Raw data:

################

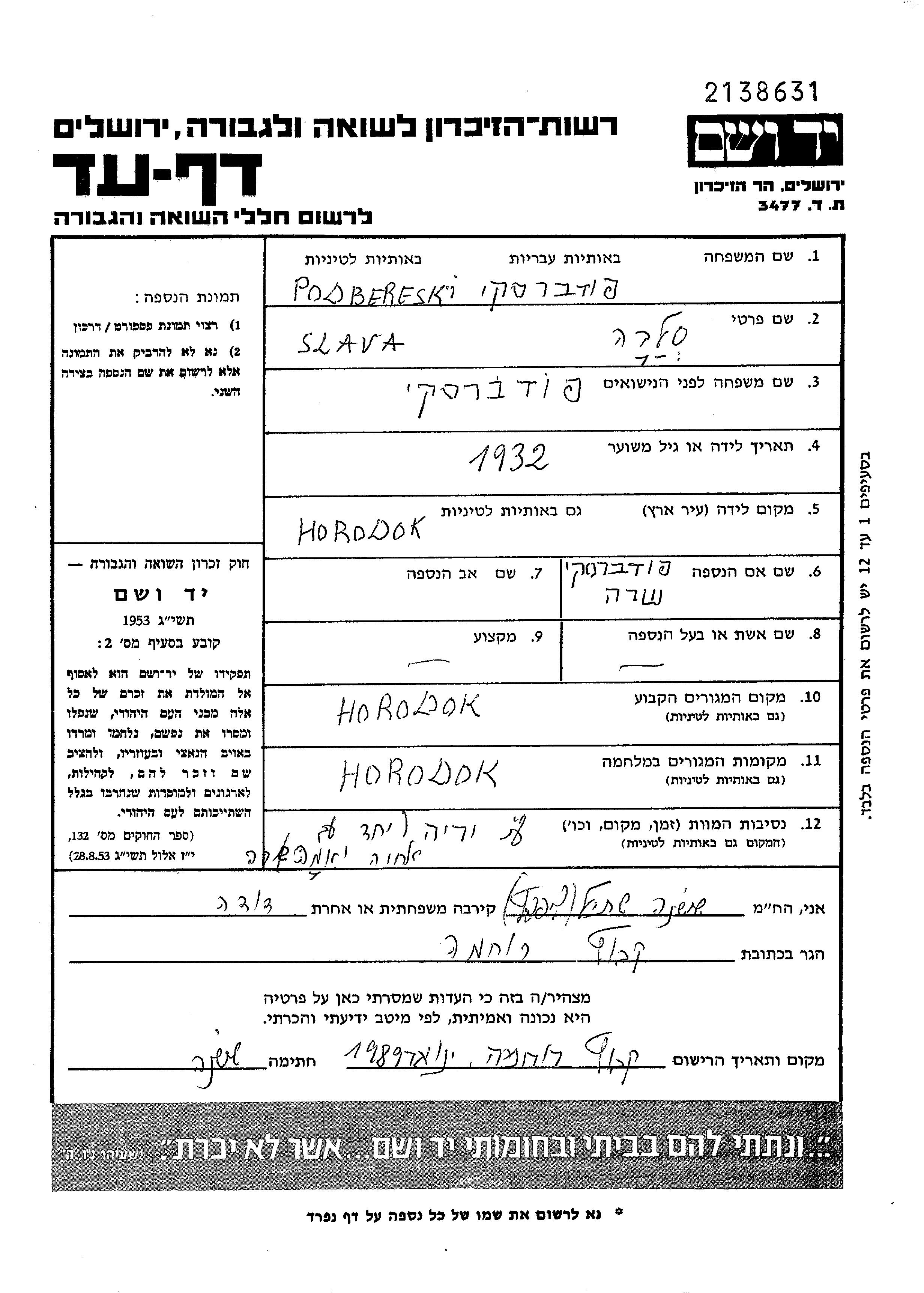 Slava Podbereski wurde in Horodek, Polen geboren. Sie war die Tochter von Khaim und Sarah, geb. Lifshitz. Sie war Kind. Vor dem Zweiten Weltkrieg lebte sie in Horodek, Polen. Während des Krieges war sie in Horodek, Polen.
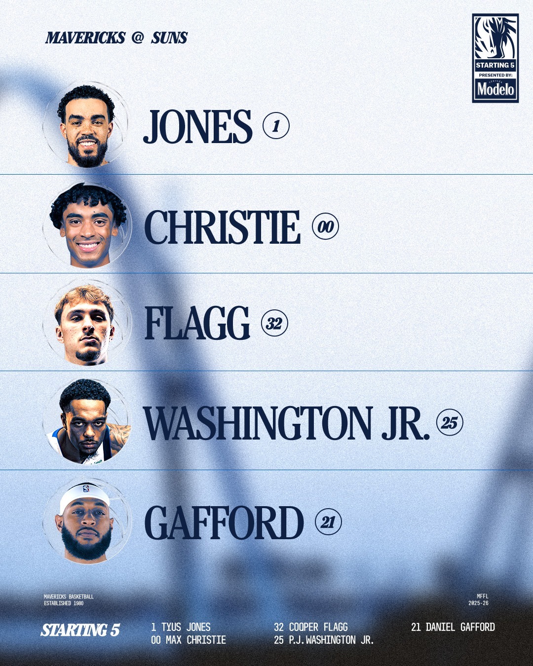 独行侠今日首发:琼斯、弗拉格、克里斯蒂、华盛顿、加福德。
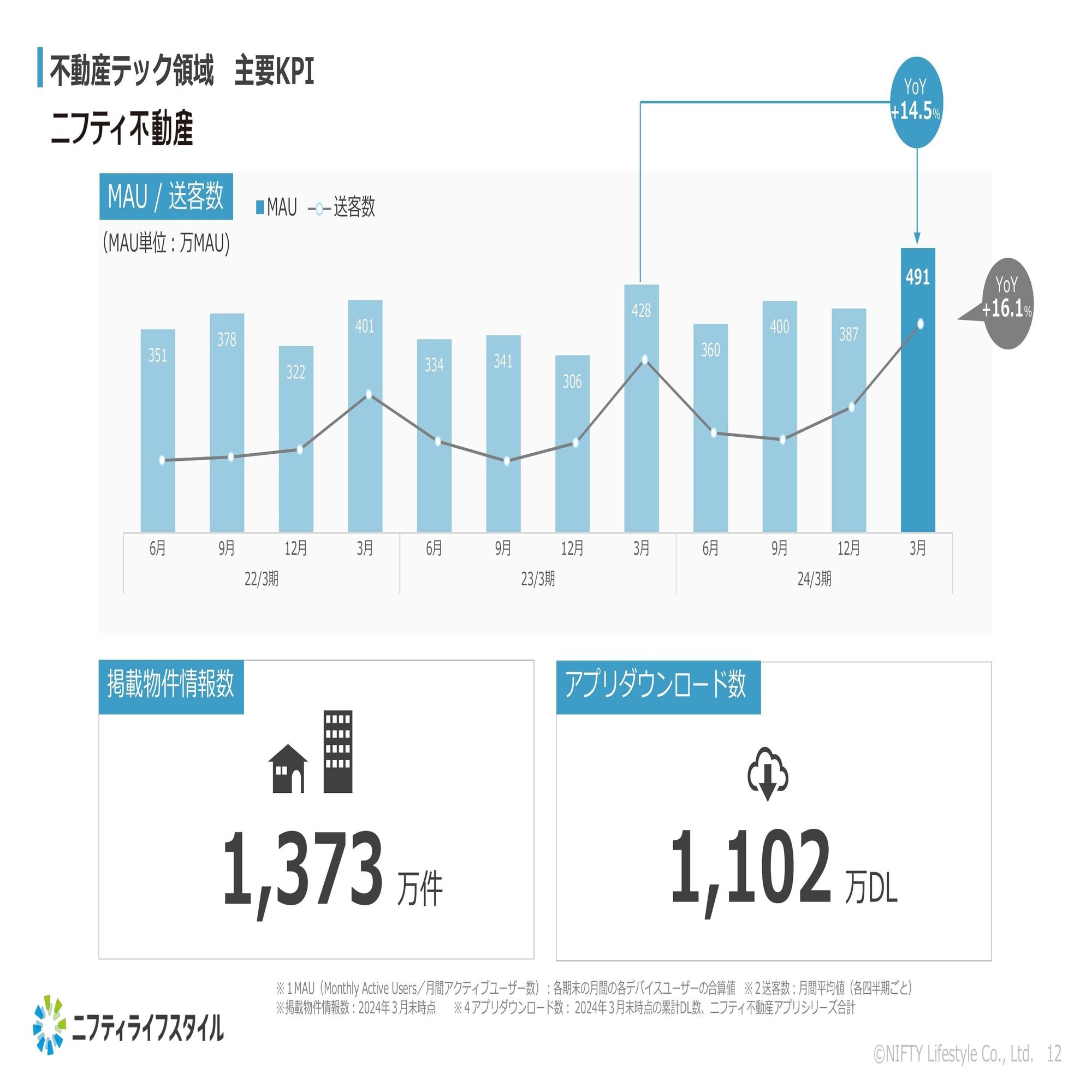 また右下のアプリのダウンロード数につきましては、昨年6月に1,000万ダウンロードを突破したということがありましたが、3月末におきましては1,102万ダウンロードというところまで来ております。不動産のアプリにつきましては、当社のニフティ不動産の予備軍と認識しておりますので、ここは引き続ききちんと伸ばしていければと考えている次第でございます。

################

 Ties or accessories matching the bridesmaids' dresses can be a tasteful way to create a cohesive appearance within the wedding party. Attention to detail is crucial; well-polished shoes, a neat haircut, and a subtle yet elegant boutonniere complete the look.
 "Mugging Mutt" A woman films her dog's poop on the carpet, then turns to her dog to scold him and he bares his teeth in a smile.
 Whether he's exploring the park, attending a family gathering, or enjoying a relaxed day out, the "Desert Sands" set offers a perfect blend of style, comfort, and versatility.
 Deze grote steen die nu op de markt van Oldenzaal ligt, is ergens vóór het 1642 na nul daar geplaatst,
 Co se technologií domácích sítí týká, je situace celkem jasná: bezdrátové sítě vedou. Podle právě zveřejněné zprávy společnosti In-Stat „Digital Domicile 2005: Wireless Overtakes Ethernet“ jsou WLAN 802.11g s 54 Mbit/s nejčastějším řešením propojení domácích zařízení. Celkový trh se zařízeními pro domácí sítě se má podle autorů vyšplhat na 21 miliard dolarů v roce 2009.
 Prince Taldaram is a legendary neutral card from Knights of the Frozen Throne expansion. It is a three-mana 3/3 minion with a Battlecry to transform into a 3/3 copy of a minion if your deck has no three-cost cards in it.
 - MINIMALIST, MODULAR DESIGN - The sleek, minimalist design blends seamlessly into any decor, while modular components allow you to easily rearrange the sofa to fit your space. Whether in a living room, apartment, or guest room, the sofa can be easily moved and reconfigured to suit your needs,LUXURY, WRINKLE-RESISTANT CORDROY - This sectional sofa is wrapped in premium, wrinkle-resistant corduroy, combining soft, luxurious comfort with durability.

################

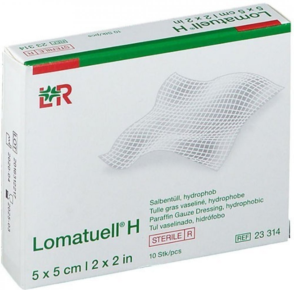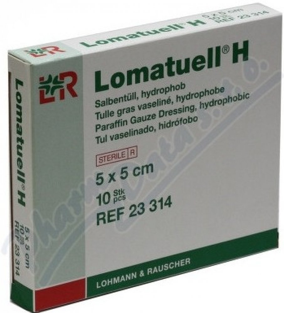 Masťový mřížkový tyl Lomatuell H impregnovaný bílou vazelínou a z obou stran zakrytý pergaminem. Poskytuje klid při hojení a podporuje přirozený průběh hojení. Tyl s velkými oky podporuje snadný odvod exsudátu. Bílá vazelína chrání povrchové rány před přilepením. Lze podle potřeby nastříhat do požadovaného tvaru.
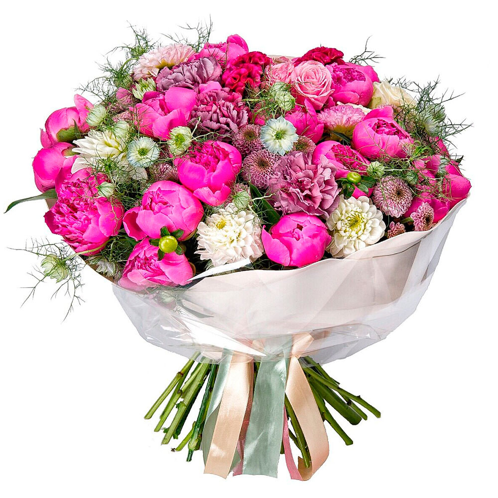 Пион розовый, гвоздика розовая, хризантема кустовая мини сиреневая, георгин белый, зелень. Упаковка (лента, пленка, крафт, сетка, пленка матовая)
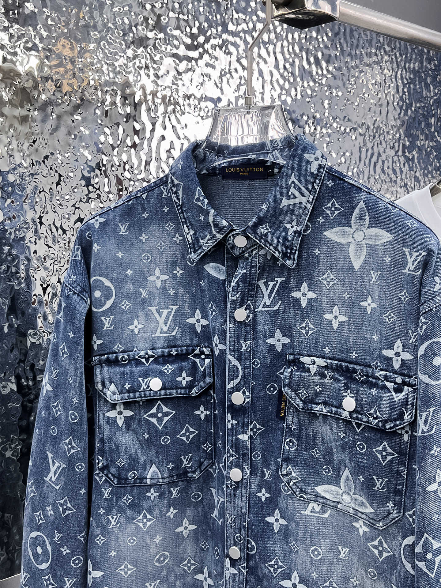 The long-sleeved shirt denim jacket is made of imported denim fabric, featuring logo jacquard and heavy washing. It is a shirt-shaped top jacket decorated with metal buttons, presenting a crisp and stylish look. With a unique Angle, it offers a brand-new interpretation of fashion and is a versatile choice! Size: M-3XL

################

Activity: Please, from the entries above, set down exactly the lines from the one containing "in a smile." through the one containing "- MINIMALIST, MODULAR", and only those.

Completed exercise:
 "Mugging Mutt" A woman films her dog's poop on the carpet, then turns to her dog to scold him and he bares his teeth in a smile.
 Whether he's exploring the park, attending a family gathering, or enjoying a relaxed day out, the "Desert Sands" set offers a perfect blend of style, comfort, and versatility.
 Deze grote steen die nu op de markt van Oldenzaal ligt, is ergens vóór het 1642 na nul daar geplaatst,
 Co se technologií domácích sítí týká, je situace celkem jasná: bezdrátové sítě vedou. Podle právě zveřejněné zprávy společnosti In-Stat „Digital Domicile 2005: Wireless Overtakes Ethernet“ jsou WLAN 802.11g s 54 Mbit/s nejčastějším řešením propojení domácích zařízení. Celkový trh se zařízeními pro domácí sítě se má podle autorů vyšplhat na 21 miliard dolarů v roce 2009.
 Prince Taldaram is a legendary neutral card from Knights of the Frozen Throne expansion. It is a three-mana 3/3 minion with a Battlecry to transform into a 3/3 copy of a minion if your deck has no three-cost cards in it.
 - MINIMALIST, MODULAR DESIGN - The sleek, minimalist design blends seamlessly into any decor, while modular components allow you to easily rearrange the sofa to fit your space. Whether in a living room, apartment, or guest room, the sofa can be easily moved and reconfigured to suit your needs,LUXURY, WRINKLE-RESISTANT CORDROY - This sectional sofa is wrapped in premium, wrinkle-resistant corduroy, combining soft, luxurious comfort with durability.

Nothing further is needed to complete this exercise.